The Kyrgyz Republic was not able to adduce direct evidence to support either corruption allegation. 

Penwell argued that the standard of proof for making out corruption allegations required clear and convincing evidence, which had not been provided.  However, the Kyrgyz Republic argued in favour of a less stringent standard based on red flags, which it defined as “potential forms of circumstantial evidence that once established can lead to a shifting of the burden of proof, requiring the rebuttal of allegations by evidence to the contrary, failing which certain inferences and conclusions might be drawn.” 

The Kyrgyz Republic pointed to a growing number of investment treaty awards in recent years which have relied on red flags to dispose of cases, including Metal-Tech v Uzbekistan, Libananco v Turkey and Union Fenosa v Egypt.  The Tribunal agreed with the red flags approach taken in these awards, concluding that the majority view in recent practice accepts circumstantial evidence as sufficient to discharge a party's burden of proof in respect of corruption allegations.  Whilst the Tribunal emphasised both that (i) the red flags must be “sufficiently clear and convincing” and (ii) the facts underpinning these red flags must be convincingly proven, in the Tribunal's view the absence of direct evidence should not necessarily preclude a finding of corruption where the red flags are compelling and unexplained.


The award in Penwell marks a further step in the increasing trend of Tribunals to accept red flags as satisfying the standard of proof for corruption allegations, where those red flags are linked to the event in dispute. 

Still, the red flags approach is not universally adopted, including by some national courts in the context of set aside and enforcement proceedings for commercial arbitration awards.

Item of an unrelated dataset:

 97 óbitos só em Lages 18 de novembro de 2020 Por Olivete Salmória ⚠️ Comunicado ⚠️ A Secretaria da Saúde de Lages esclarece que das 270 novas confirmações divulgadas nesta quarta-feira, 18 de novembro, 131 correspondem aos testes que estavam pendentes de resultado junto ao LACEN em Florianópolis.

For example, in 2016, Alexander Brothers Limited (ABL) obtained a €1.56 million award against two Alstom subsidiaries. In the arbitration, the tribunal had considered corruption allegations raised by Alstom, but concluded that Alstom had not proved corruption as a defence to non-payment.  

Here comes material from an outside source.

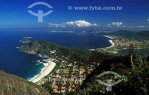 Subject: Itacoatiara beach seen from "Morrao" (Big Hill) with Camboinhas and Piratininga beaches and Rio de Janeiro city in the background - Niteroi city - Rio de Janeiro state - Brazil - July 2002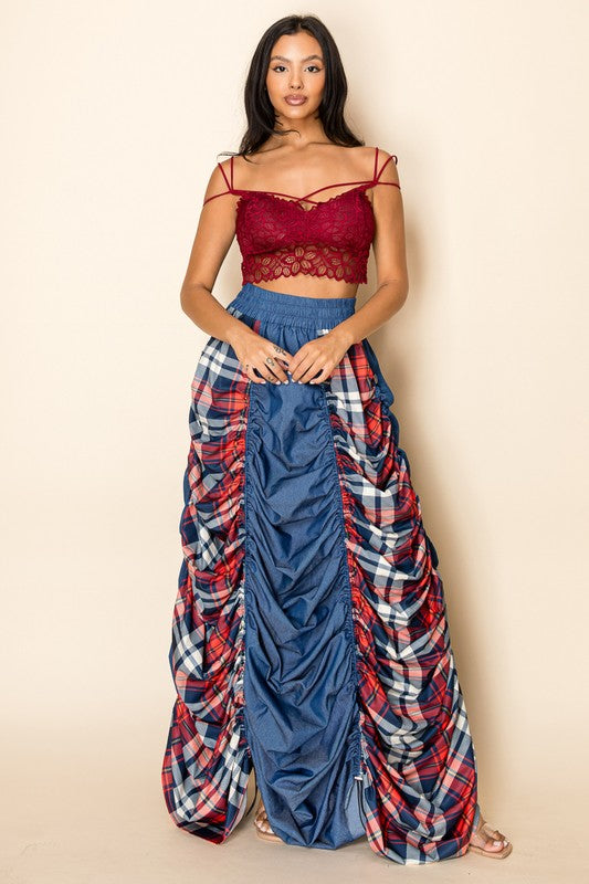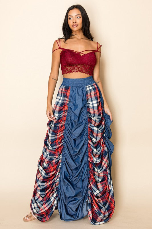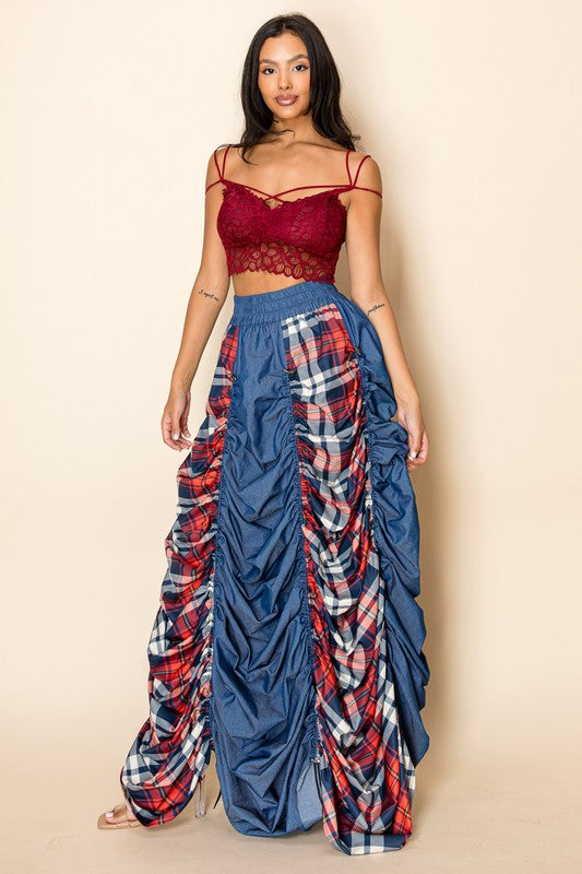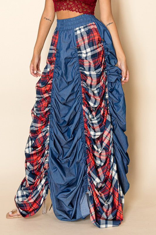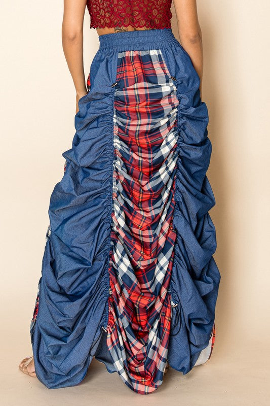 Plaid and Denim Maxi Skirt with Drawstrings

Alstom then attempted to have the award annulled in Switzerland, the seat of the arbitration, on the basis that the award was contrary to Swiss public policy.  The Swiss Federal Supreme Court refused to look behind the tribunal's analysis of the facts with respect to corruption, and Alstom's annulment application failed. 

However, in 2019, the Paris Court of Appeal quashed an order for enforcement of the award in France, finding that there were “serious, precise and consistent indicia” that the sums Alstom paid to ABL were used to bribe Chinese government officials, adopting a more expansive red flags approach than that adopted by the tribunal.  In October 2021, France’s Court de Cassation overturned the 2019 Paris Court of Appeal’s ruling, indicating that the lower court had distorted certain portions of the hearing transcripts.  

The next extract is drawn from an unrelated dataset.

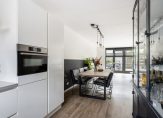 De moderne keukenopstelling aan de voorzijde van de woning beschikt over alle hedendaagse inbouwapparatuur, waaronder een 4-pits gaskookplaat met afzuigschouw, combi oven, vaatwasser, heetwaterkraan, koelkast en vriezer.

In the meantime, in June 2020, the Commercial Court in London also considered Alstom's bribery allegations in the context of a parallel enforcement application in the English courts.  The Commercial Court did not accept the red flags approach, commenting that the substance of the allegations was “entirely unspecific and based on suspicions and inferences” and that Alstom had not met the required standard of proof (as matter of Swiss applicable law). 

That notwithstanding, investors in riskier jurisdictions where corruption issues may be more prevalent should be alert to the possibility that any potential claims will be challenged on the grounds there are indicia of corruption.  Investors should therefore consider putting in place appropriate anti-corruption policies and procedures, and implementing them diligently.